The author of this obituary notice was at great pains to clear the young man of any charge of “unseasonable levity”:

It has been said [_he observes_] that the Duke, in his dying moments, made use of the expression “I am off.” He did so; but not, as has been very erroneously supposed, by way of heroic bravado, or in a temper of unseasonable levity; but simply to signify to his attendants, who, in pulling off his boots, had drawn him too forward on the mattress, and jogged one of the chairs out of its place, that he was _slipping off_, and wanted their aid to help him up into his former position. He was the last person in the world to be guilty of anything like levity upon any solemn occasion, much less in his dying moments. The fact was, when he used the expression “I am off” he had become very faint and weak, and was glad to save himself the trouble of further utterance....

Now suppose a stranger to the real character of this excellent youth to have heard no more of him than what he would be most likely to hear of one whose constitutional modesty concealed his virtues, namely, that he was very fond of cricket, that he hurt his eye with a tennis-ball, that he lost his life hunting, that his last words were “I am off”; would not a person possessed of this information, and no more, naturally conclude that the Duke was a young man of trivial mind, addicted to idle games and field sports, and apt to make light of serious things? How false a notion would such a person form of the late Duke of Dorset! As to the four circumstances above alluded to, if he was fond of cricket, it was in the evening generally that he played. When he hurt his eye [it was on the 7th of December] he had been at his books all the morning, and went between dinner and dusk to take one set at tennis. When he lost his life hunting, he had not hunted ten times the whole season. And what have been represented as his last words were not his last words; and, even if they were, they had no other meaning than “Pray prevent a helpless man from slipping down out of his place.” That he was not a mere sportsman, a mere idler, or a mere trifler, witness the wet eyes that streamed at every window in the streets of Dublin as his hearse was passing by; witness the train of carriages that composed his funeral procession; witness the throng of Nobility and Gentlemen that attended his remains to the sea-shore; witness the families he had visited in Ireland; witness the reception of his corpse in England; witness the amazing concourse of friends, tenantry, and neighbours, that came to hear the last rites performed, and to see him deposited in the tomb; witness the more endeared set of persons who still mean to hover round the vault where he is laid!

§ ii

It now became apparent how exceedingly wise had been the precautionary measures taken by the duchess in regard to her husband’s will. A distant cousin, the son of Lord George, succeeded to the title as fifth and last duke—this part of the succession was beyond the reach of her control—but under the terms of the will Knole became her property for life, and she received in addition, on the death of her son, an increase in her income of nine thousand a year. She must certainly have been one of the richest women in England. Lord Whitworth, meanwhile (till 1817), continued as Lord Lieutenant of Ireland, and as the originals of the following letters written to him by Sir Robert Peel, with enclosures in Peel’s handwriting, are at Knole, I think it not wholly irrelevant to print them here, with a few other notes, in view of their interest as being written immediately after the battle of Waterloo, and having, so far as I know, never before been published.

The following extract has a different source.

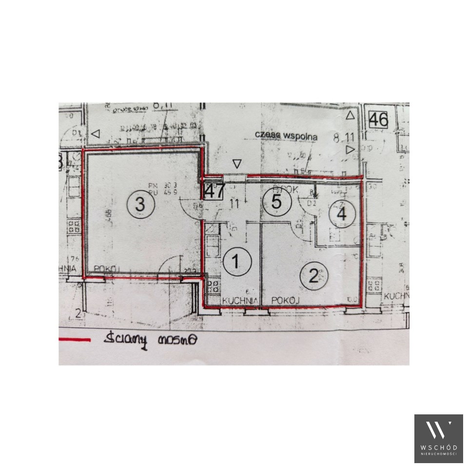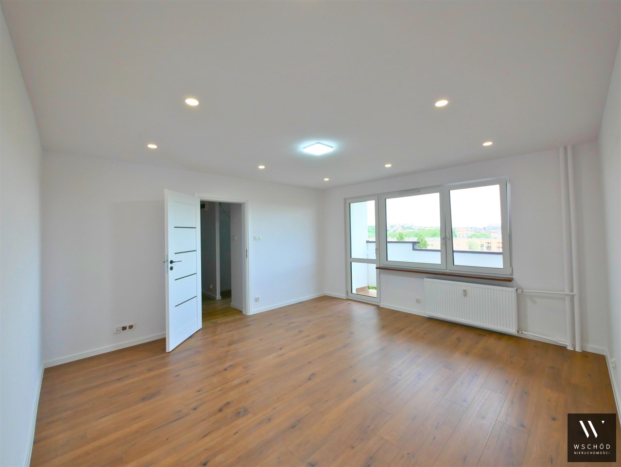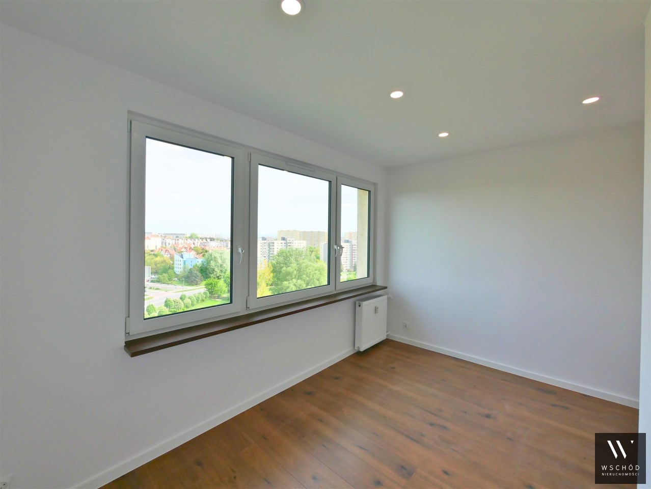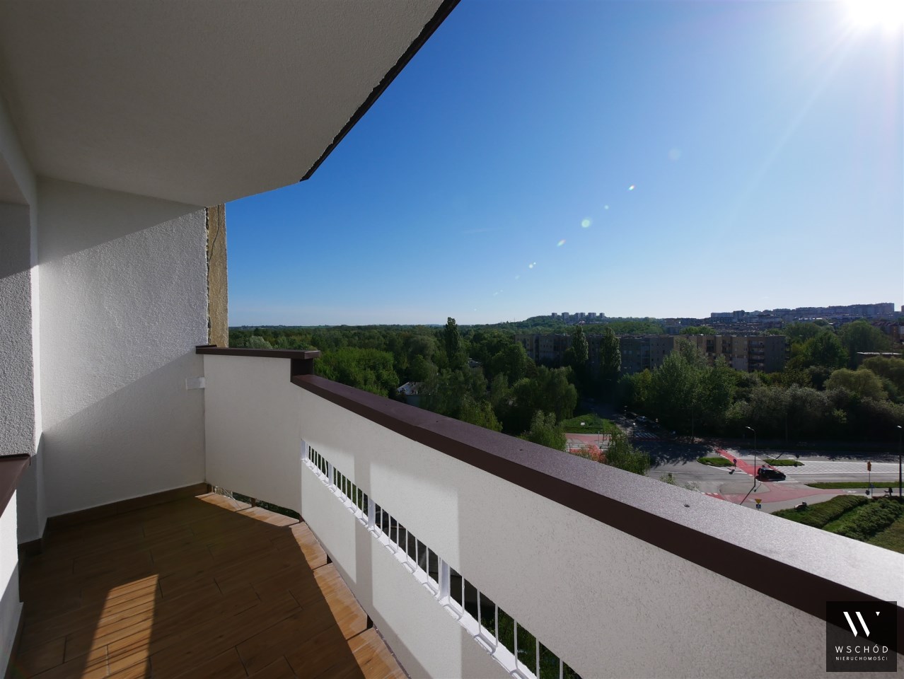 2 pokojowe mieszkanie o pow. 46m2 położone na 9 piętrze 12 piętrowego bloku.

IRISH OFFICE. _June 22nd, 1815._

_Private_ DEAR LORD WHITWORTH,

You will receive by this express the official accounts of the most desperate and most important action in which the British arms have ever been engaged. The Gazette details all the leading particulars—I have just been at the War and Foreign Offices to collect any further information that may be interesting to you. It is evident that the attack was in a great degree a surprise upon the Allies, Bonaparte collected his troops and advanced with much greater rapidity than could have been expected. It was supposed that it would have required three days to bring the British force into line for a general engagement—but the suddenness of the attack gave them a much shorter time for preparation. It is said that on the 16th the Prussians lost fourteen thousand men.

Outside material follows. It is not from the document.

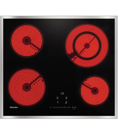 Das Miele-Plus: Einfache Bedienung - EasySelect: ; Ansprechendes Design - 574 mm breit mit umlaufendem Rahmen: ; Besonders flexibel: - 4 Kochzonen inkl. 1 Vario-Zone; Komfortabel - Ankochautomatik : für jede Kochzone; Sicher - dreistufige Restwärmeanzeige: für jede Kochzone; Leistungseigenschaften4 Kochzone(n); Energieverbrauch der Kochmulde 186,2 Wh/kg; Gesamt-Leistungsaufnahme: 6,7 kW; 3x16 A Absicherung; 220-240V 50/60Hz Netzanschluss; AusstattungAnkochautomatik; Sicherheitsabschaltung; Funktionssperre; Einschaltsperre; Abschaltautomatik; Stopp-Funktion; Fehlerüberwachung; Glas-Schaber; BedienungBedienfeld vorne; Sensor-Tasten; Countdown-Timer/Kurzzeitwecker; Restwärmeanzeige; Restwärmeausnutzung; Digital-Anzeige für Kochstufen; Restart-Funktion; Kochzone-vorne/außen linksHiLight-Kochzone vorne links; Durchmesser der Kochzone: 18 cm; Heizleistung: 1800 W; Energieverbrauch 190,9 Wh/kg; stufenweise regelbar vorne links; 9 Heizstufen; Kochzone-hinten/innen linksHiLight-Kochzone hinten links; Durchmesser der Kochzone: 16 cm; Heizleistung: 1500 W; Energieverbrauch 175,9 Wh/kg; stufenweise regelbar hinten links; 9 Heizstufen; Kochzone-hinten/innen rechtsHiLight-Kochzone hinten rechts; Zweikreis-Kochzone hinten rechts; Durchmesser der kleinen Kochzone: 12 cm; Durchmesser der großen Kochzone: 21 cm; Heizleistung der kleinen Kochzone: 750 W; Heizleistung der großen Kochzone: 2200 W; Energieverbrauch 187,7 Wh/kg; stufenweise regelbar hinten rechts; 9 Heizstufen; Kochzone-vorne/außen rechtsHiLight-Kochzone vorne rechts; Durchmesser der Kochzone: 14,5 cm; Heizleistung: 1200 W; Energieverbrauch 190,2 Wh/kg; stufenweise regelbar vorne rechts; 9 Heizstufen; Gehäuse-EigenschaftenBreite: 57,4 cm; Tiefe: 50,4 cm; Höhe: 4,2 cm; Länge der Anschlussleitung: 1,44 m; Einbau-EigenschaftenBreite, Ausschnitt: 56 cm; Tiefe, Ausschnitt: 49 cm; VerpackungsangabenHöhe mit Verpackung/Kochfeld: 12,2 cm; Tiefe mit Verpackung/Kochfeld: 60 cm; Farbenedelstahl; ...

All the private accounts attribute the success of the day to the Duke of Wellington’s personal courage and extraordinary exertions. Flint will send you some interesting particulars on this point.

When the French Cavalry charged—the Duke placed himself in the centre of the square of infantry—a barrier that was impenetrable. Nothing could exceed the desperation with which the Cuirassiers fought. When they found they could make no impression on the solid mass of infantry—they halted in front and deliberately charged their pistols and shot at individuals of course without a chance of surviving. Lord Bathurst showed me a letter which he had received from Apsley. He says that Bonaparte had a scaffolding erected out of cannon shot from the top of which he saw the field of battle and the progress of the fight. When he found that success was almost hopeless he put himself at the head of the Imperial Guard—and charged in person. They were met by the first foot guards who overthrew them completely. The conduct of all the British infantry was beyond praise—Lord Wellington had about sixty-five thousand men in the field. Castlereagh told me that he thought Bonaparte must have lost the fourth of his army. This is of course mere conjecture.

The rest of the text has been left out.